I know this list isn’t complete. And some of the priorities are weirdly skewed; but then, everyone who makes one of these laments says it as if it were the worst problem in the world.

Some of them are pretty bad. Some of them aren’t even problems.

There are a lot of Mormon parents who believe that as long as they have attached all the Plug-and-Play peripherals into their children’s lives, everything should run according to the parents’ plan, and when it doesn’t they think they’ve been cheated.

Here’s the eternal law that parents should always keep in mind:

Your obedience does not limit your children’s moral agency in any way.

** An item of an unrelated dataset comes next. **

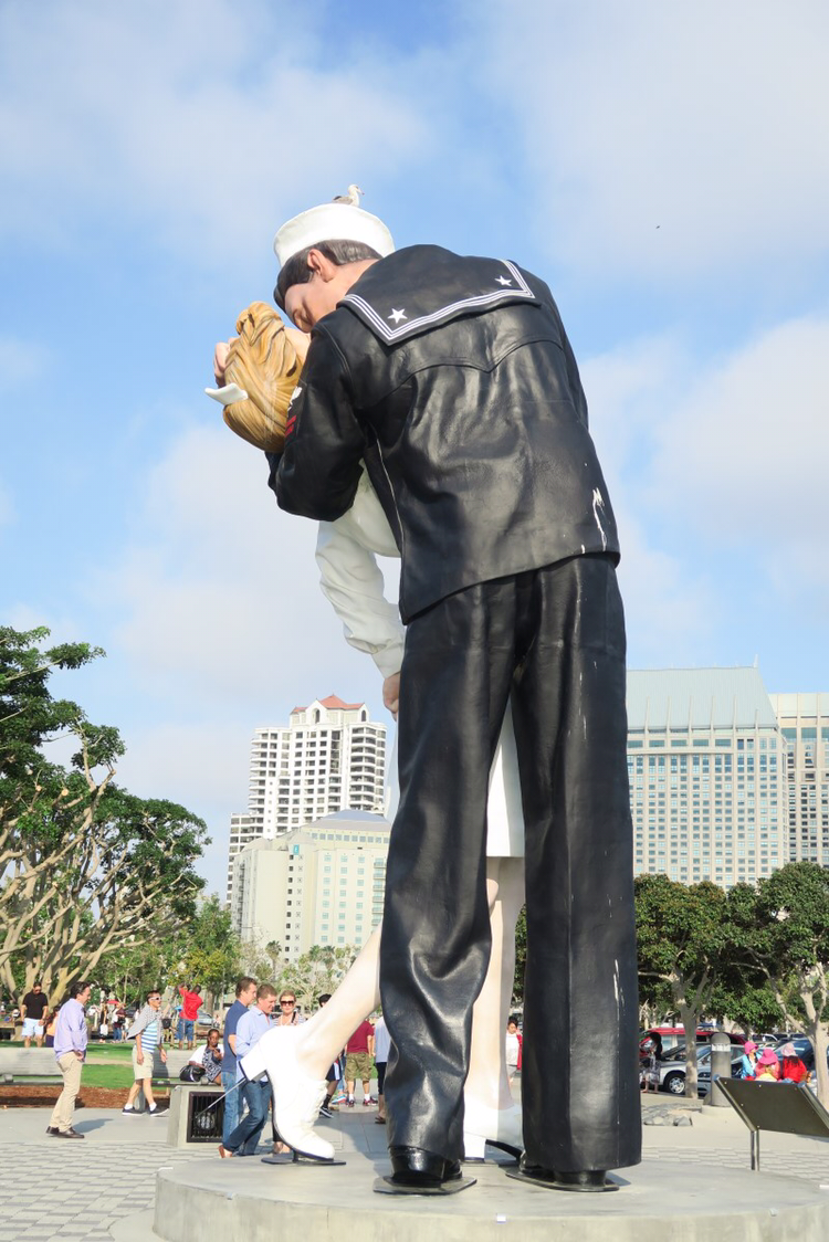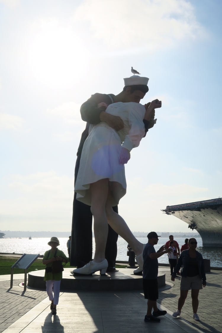 다시 한 참을 걷다보니 해양박물관인 큰 군함과 수병의 키스 동상이 보였다. 이 동상은 2차 세계대전이 끝난 것에 기뻐한 나머지 한 해군 병사 한 명이 간호사 복장을 한 여성을 안고 키스하는 장면을 사진으로 찍고 그것을 동상으로 만든 것이다. 그런데 이 두 사람은 서로 모르는 사이였다고 한다. 전쟁이 끝난 것이 너무 기뻐 지나가는 간호사를 붙잡고 키스한거라고.

One child will embrace a peripheral and take it willingly into his life; another will regard it as a terrible burden and resent you for forcing it on her. The difference may be in the way you presented it; but most likely the difference is in the eternal intelligence that came with the child. The eternal, uncreated intelligence that is your child.

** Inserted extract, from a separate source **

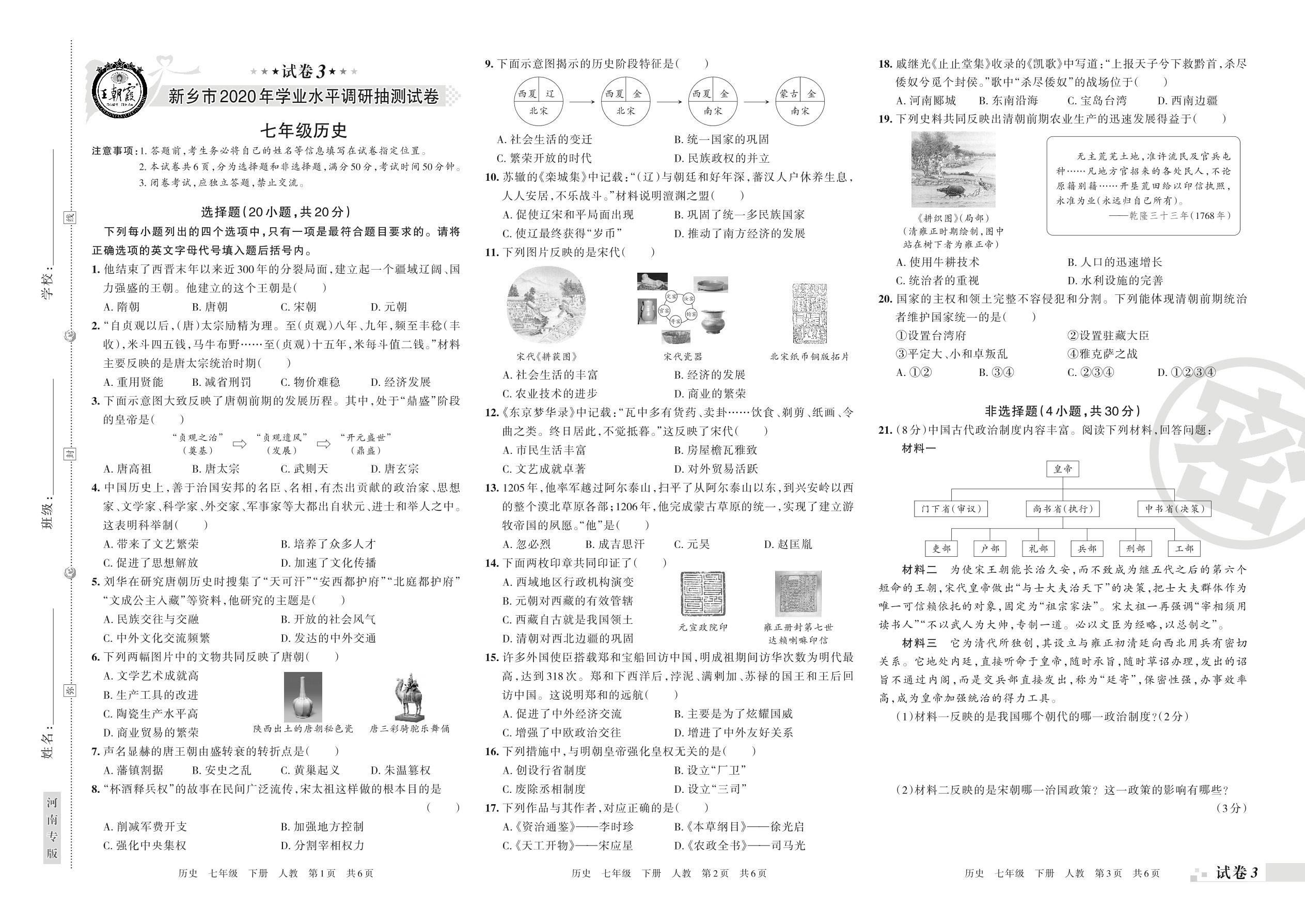 2019-2020学年第二学期新乡市七年级历史试卷(人教版)【3】

They get to make their own choices.

All you can do is offer teaching and experiences that will give them a chance to know, and choose, righteousness.

But sometimes they need to find their own path to righteousness. And sometimes what you call “righteousness” they call “horrible idea that has nothing to do with the gospel.” And sometimes they’re right and you’re wrong.

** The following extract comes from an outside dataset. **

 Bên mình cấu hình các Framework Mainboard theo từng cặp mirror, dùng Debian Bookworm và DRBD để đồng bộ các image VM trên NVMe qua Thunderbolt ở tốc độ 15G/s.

It’s possible to be a good Latter-day Saint and have such horrible stage fright that you never, ever give a talk. It’s possible to have no interest in EFY/Scout Camp/Girls’ Camp/Youth Conference and still grow up to love the gospel. It’s possible to go to college somewhere that isn’t BYU, or major in something without a clear career path, and still have a happy, productive life.

And even if the bad thing they’re doing really is bad, it’s between them and the Savior who atones for our sins. If you compel obedience, it isn’t obedience. If they need to repent, you can’t do it for them; they must walk that road without you.

As parents, we model ourselves on our Father in Heaven. He rears his children without the least degree of compulsion. He allows them to make mistakes. But he always holds the door open for them to return, and forgives them for all the neglect, disobedience, and disrespect that happened along the way.

If he, with perfect knowledge of what’s good and right, can be so forgiving and loving to his imperfect children, shouldn’t we, in our ignorance and with our many errors, also be willing to give our children the benefit of the doubt, and look at them with hope and tolerance, forgiveness and love?

By all means, plug-and-play all the peripherals that you believe will help. But in the long run, kids are their own quirky selves, and they’ll do what they want. The Church and the gospel didn’t fail you. Your kids didn’t fail you. They might have failed themselves — but in the long run that’s between them and God.

Just keep the door open and the light on. And forgive them for the pain they cause you; truly, they know not what they do.